Docs sites add new pages over time. Keeping a config's start_urls in sync currently requires manually visiting the live site, collecting all nav links, and comparing them against the config β€” a tedious, error-prone process. For example, the Claude Code docs recently added 11 new pages (how-claude-code-works,
features-overview, agent-teams, fast-mode, etc.) and renamed iam β†’ authentication, none of which were reflected in the existing config until manually audited.

πŸ“‹ Proposed Solution

Add a sync-config subcommand (and corresponding skill-seekers-sync-config entry point) that:

  1. Loads an existing config JSON
  2. Visits a set of "nav seed" pages β€” either from a new optional nav_seed_urls config field, or defaulting to the existing start_urls
  3. Collects all internal links matching url_patterns.include from those pages
  4. Diffs discovered URLs against the config's start_urls
  5. Reports added/removed pages to stdout
  6. With --apply, writes the updated start_urls back to the config file (preserving formatting and other fields)
# Dry-run: show what's changed
skill-seekers sync-config --config configs/claude-code.json

# Apply changes to the config file
skill-seekers sync-config --config configs/claude-code.json --apply

# Example output:
# + /docs/en/agent-teams        (new)
# + /docs/en/fast-mode          (new)
# - /docs/en/iam                (removed, replaced by /docs/en/authentication)
# Config has 3 new pages and 1 removed page.
# Run with --apply to update configs/claude-code.json

The new optional config field:

{
  "nav_seed_urls": [
    "https://code.claude.com/docs/en/overview",
    "https://code.claude.com/docs/en/sub-agents",
    "https://code.claude.com/docs/en/setup",
    "https://code.claude.com/docs/en/settings",
    "https://code.claude.com/docs/en/cli-reference"
  ]
}

πŸ”„ Alternatives Considered

  • Sitemap parsing: Ideal, but many docs sites (including Claude Code's) don't publish a sitemap.
  • Rely on BFS scraper alone: The existing scraper already discovers all linked pages via BFS, so start_urls don't strictly need to enumerate every page.
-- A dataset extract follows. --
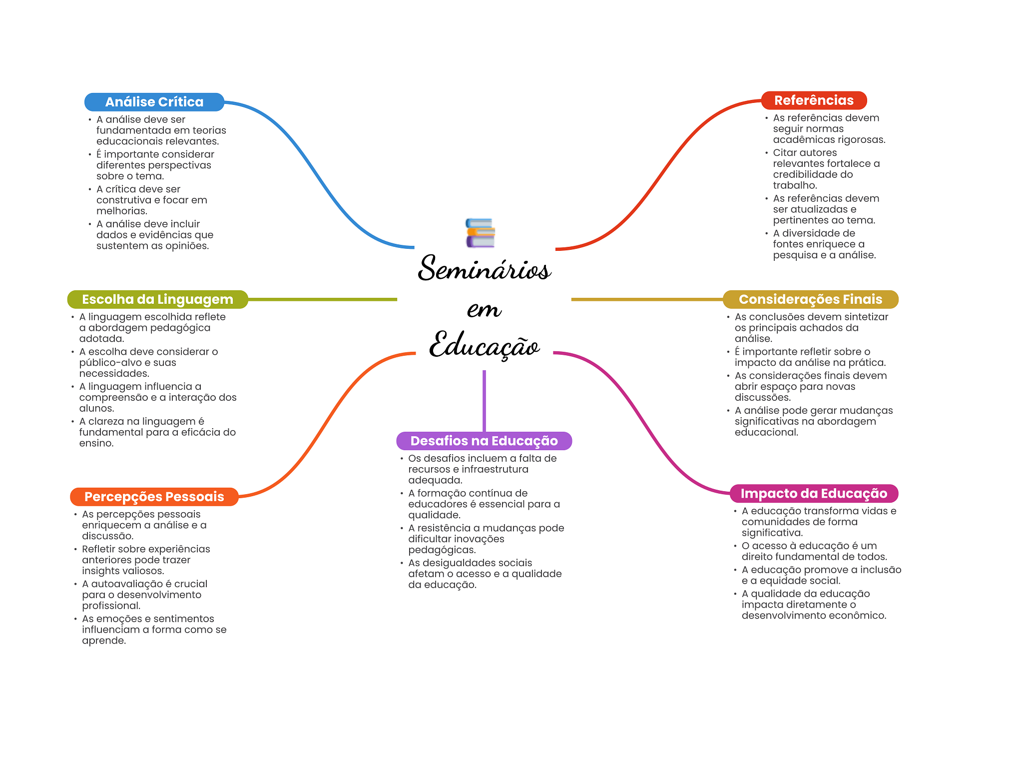 Análise Crítica Referências A análise deve ser As referências devem fundamentada em teorias seguir normas educacionais relevantes. acadêmicas rigorosas. É importante considerar Citar autores diferentes perspectivas relevantes fortalece a sobre tema. credibilidade do A crítica deve ser trabalho. construtiva e focar em As referências devem melhorias. ser atualizadas e A análise deve incluir pertinentes ao tema. dados e evidências que A diversidade de sustentem as opiniões. fontes enriquece a pesquisa e a análise. Seminários Escolha da Linguagem Considerações Finais em A linguagem escolhida reflete As conclusões devem sintetizar a abordagem pedagógica principais achados da adotada. Educação análise. A escolha deve considerar É importante refletir sobre público-alvo e suas impacto da análise na prática. necessidades. As considerações finais devem A linguagem influencia a abrir espaço para novas compreensão e a interação dos discussões. alunos. A análise pode gerar mudanças A clareza na linguagem é significativas na abordagem fundamental para a eficácia do educacional. ensino. Desafios na Educação Os desafios incluem a falta de recursos e infraestrutura adequada. Percepções Pessoais A formação contínua de Impacto da Educação educadores é essencial para a As percepções pessoais qualidade. A educação transforma vidas e enriquecem a análise e a comunidades de forma A resistência a mudanças pode discussão. significativa. dificultar inovações Refletir sobre experiências pedagógicas. acesso à educação é um anteriores pode trazer direito fundamental de todos. As desigualdades sociais insights valiosos. afetam acesso e a qualidade A educação promove a inclusão A autoavaliação é crucial da educação. e a equidade social. para desenvolvimento A qualidade da educação profissional. impacta diretamente As emoções e sentimentos desenvolvimento econômico. influenciam a forma como se aprende.

However, explicitly listing pages in the config is useful for documentation and for catching orphaned/unlinked pages.
  • Manual auditing: What we do today β€” visit section pages, extract links, compare manually. Works but doesn't scale.

πŸ“Š Expected Impact

  • Priority: Medium
  • Effort: S
  • Users Affected: Anyone maintaining configs for long-lived docs sites that update regularly (e.g. Claude Code, React, Django, FastAPI docs).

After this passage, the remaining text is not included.